[ASSIGNED TASK] Transcribe the lines exactly, beginning with the one that contains "秋冬季保暖内衣纯棉中老年男人加绒加厚外套开衫衬衫爸爸爷爷装" and ending with the final line of the records. Do not transcribe pictures.

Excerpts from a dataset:

━━━━━━━━━━

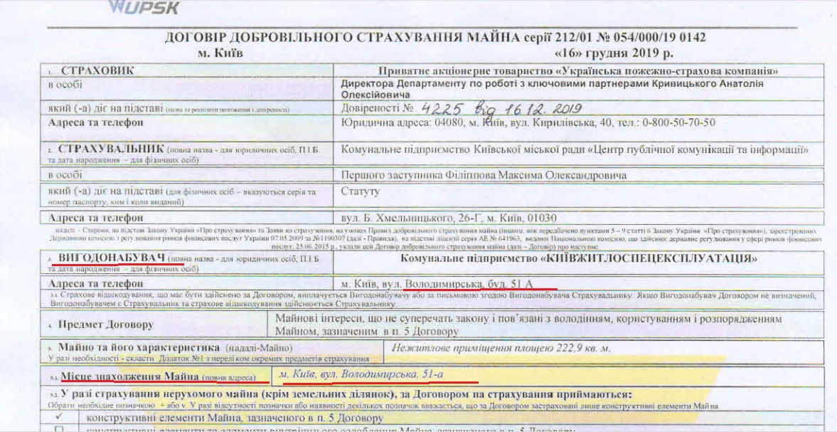 Юридический адрес коммунального предприятия «ЦПКИ» — ул. Б. Хмельницкого, 26-Г, физический — ул. Владимирская, 51-Б. При этом страхует предприятие нежилые помещения общей площадью 1133,3 кв. м, в том числе — и на Владимирской, 51-А, где зарегистрировано КП «Киевжилспецэксплуатация» — оно же, по договору о страховании, является выгодоприобретателем.
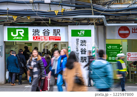 日本の東京都市景観移転ハチ公改札…新出入口は…観光客らで賑わう渋谷駅…=令和7年2月4日
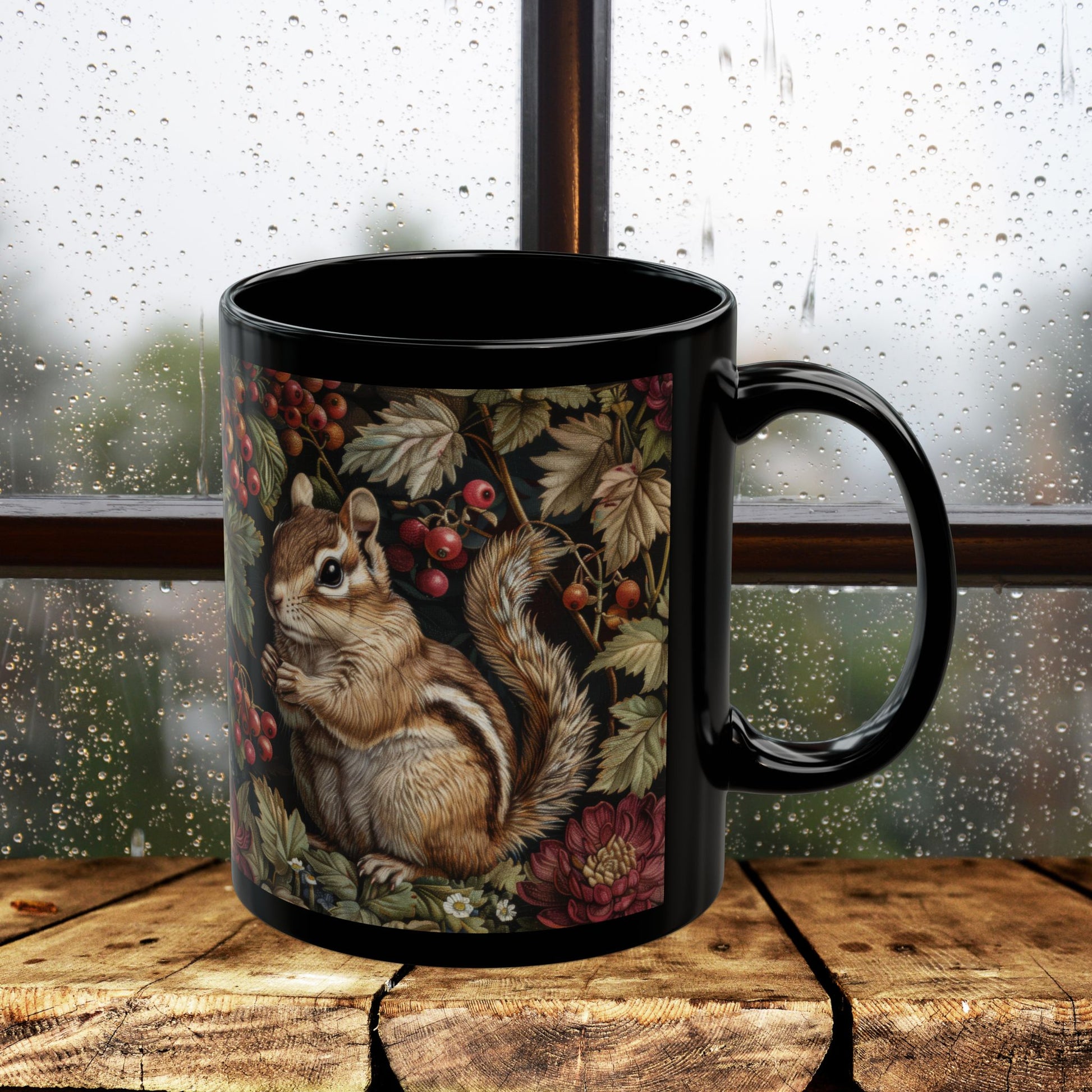 Whimsical Chipmunk Autumn Mug – Black Ceramic Woodland Animal Cup – 11oz & 15oz Fall Forest Nature Coffee Mug for Animal Lovers
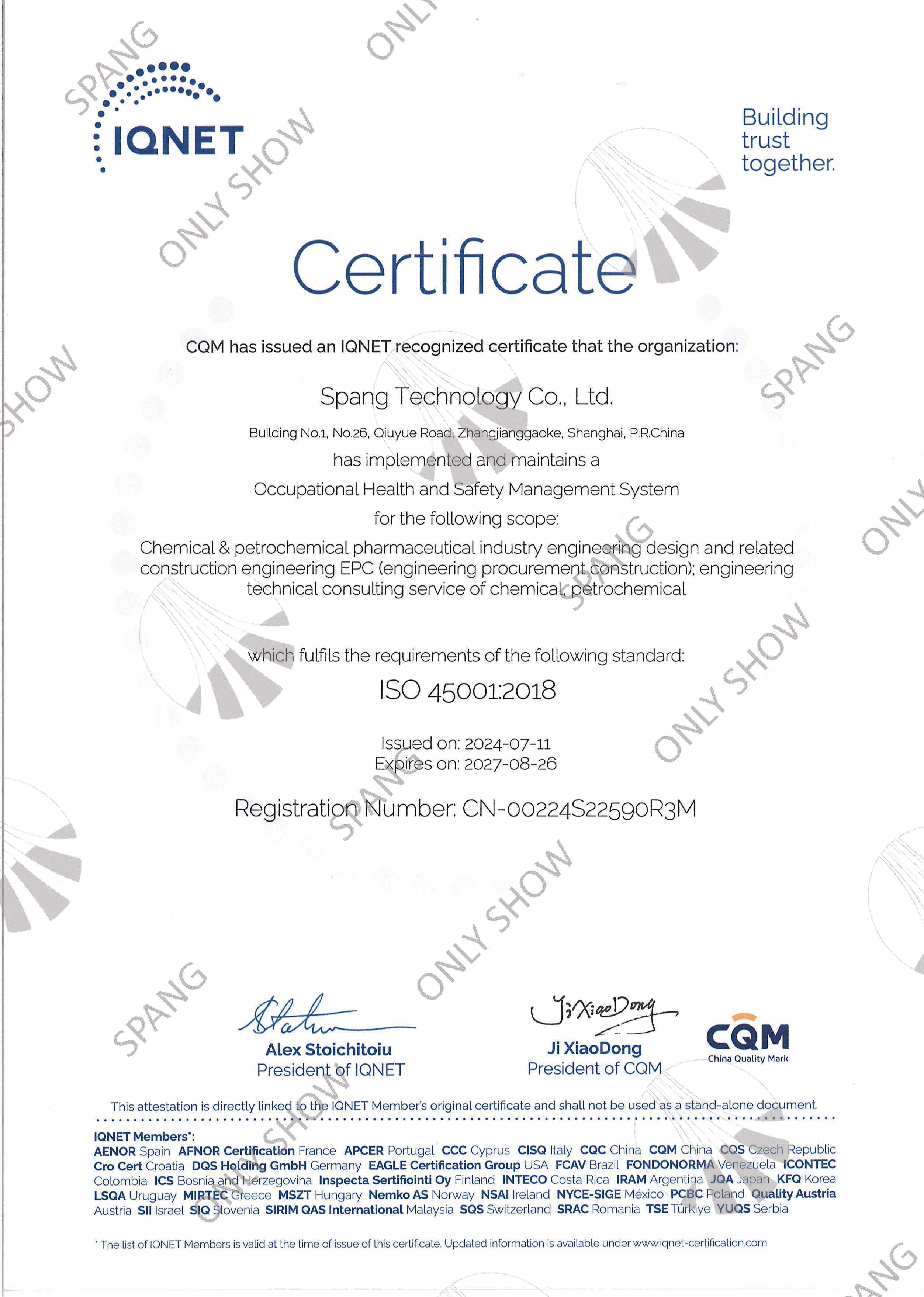 職業(yè)健康安全管理體系證書(英文版)-國際通用
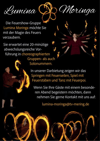 - 20. April 2016: Die offizielle Gründung der Showgruppe unter dem Namen „Lumina Moringa“.
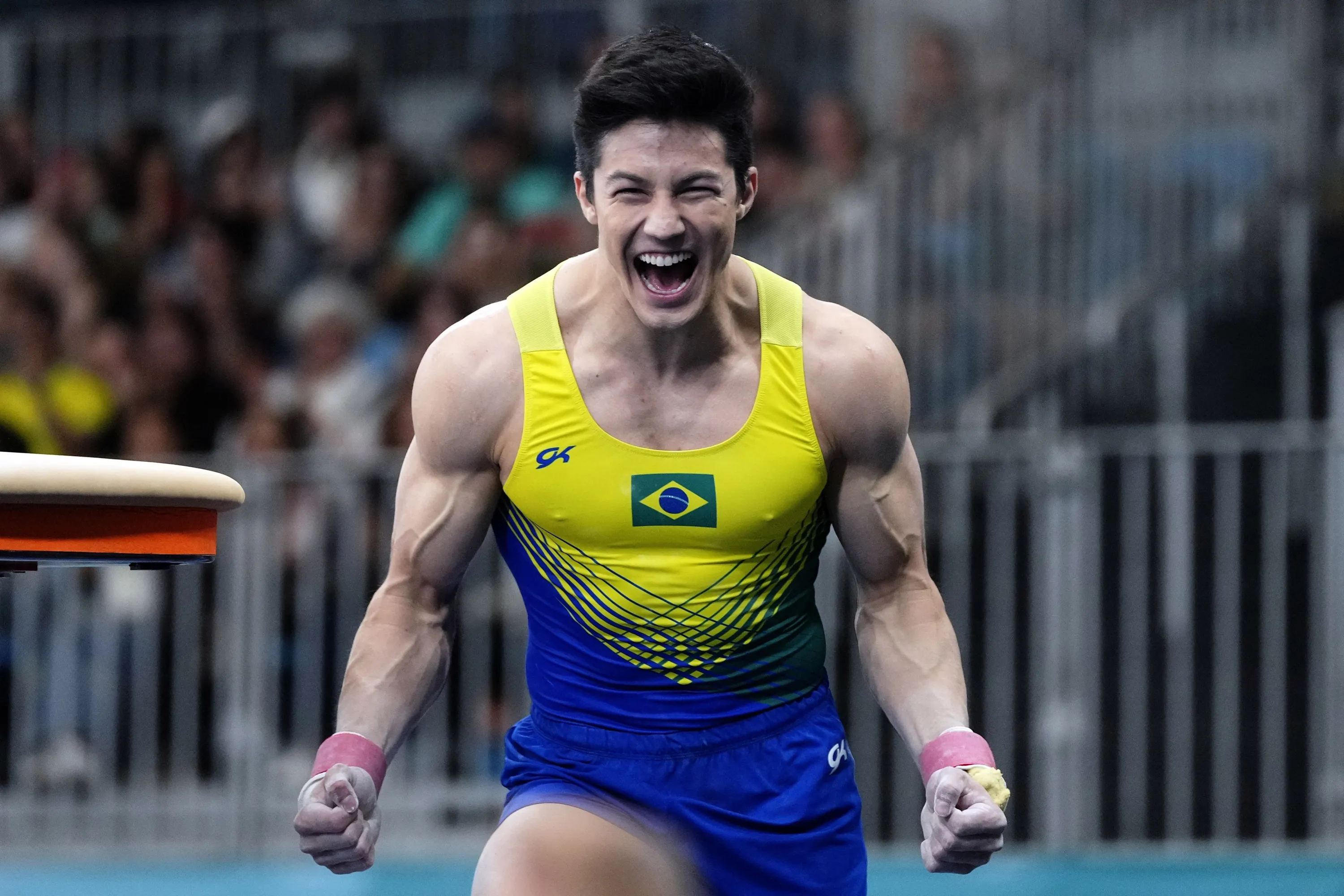 Brazil's Arthur Mariano celebrates after competing in the men's gymnastics vault exercise final at the Pan American Games in Santiago, Chile, Wednesday, October 25, 2023. Chile is hosting the Olympic-style event for the first time. (Photo by Martin Mejia/AP Photo)
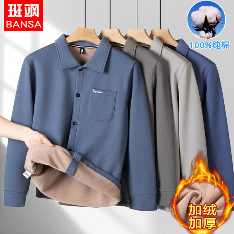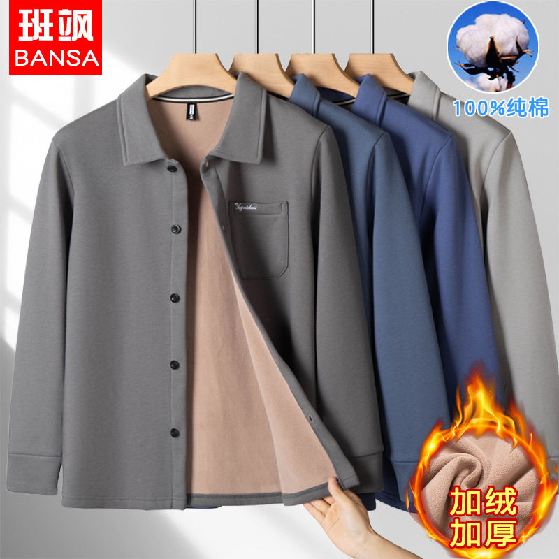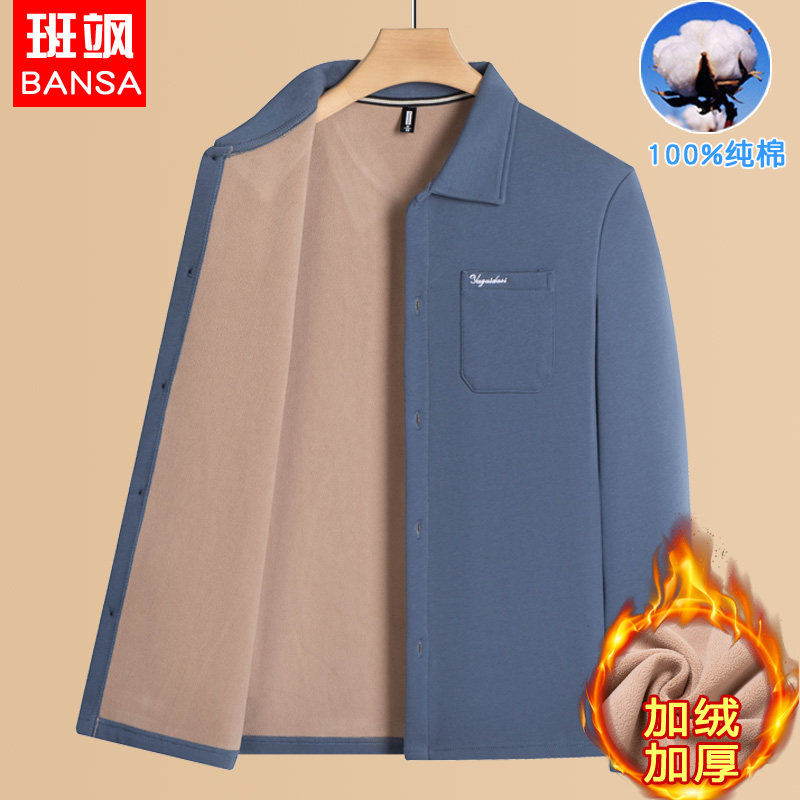 秋冬季保暖内衣纯棉中老年男人加绒加厚外套开衫衬衫爸爸爷爷装
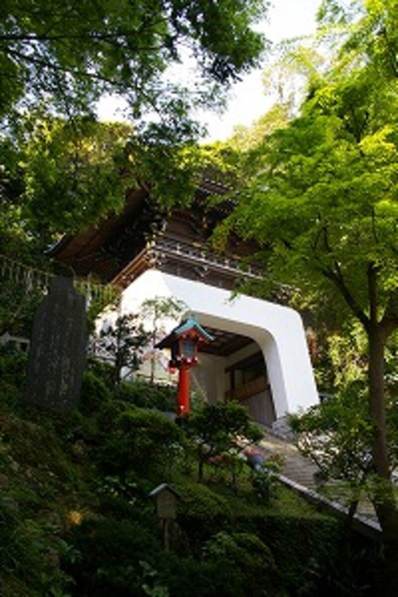 | 江の島の江島神社には、寺のような門もある。今は神社だが、江戸時代までは、やはり、神仏混淆だったのだろう |

━━━━━━━━━━

[SOLUTION]
 秋冬季保暖内衣纯棉中老年男人加绒加厚外套开衫衬衫爸爸爷爷装
 | 江の島の江島神社には、寺のような門もある。今は神社だが、江戸時代までは、やはり、神仏混淆だったのだろう |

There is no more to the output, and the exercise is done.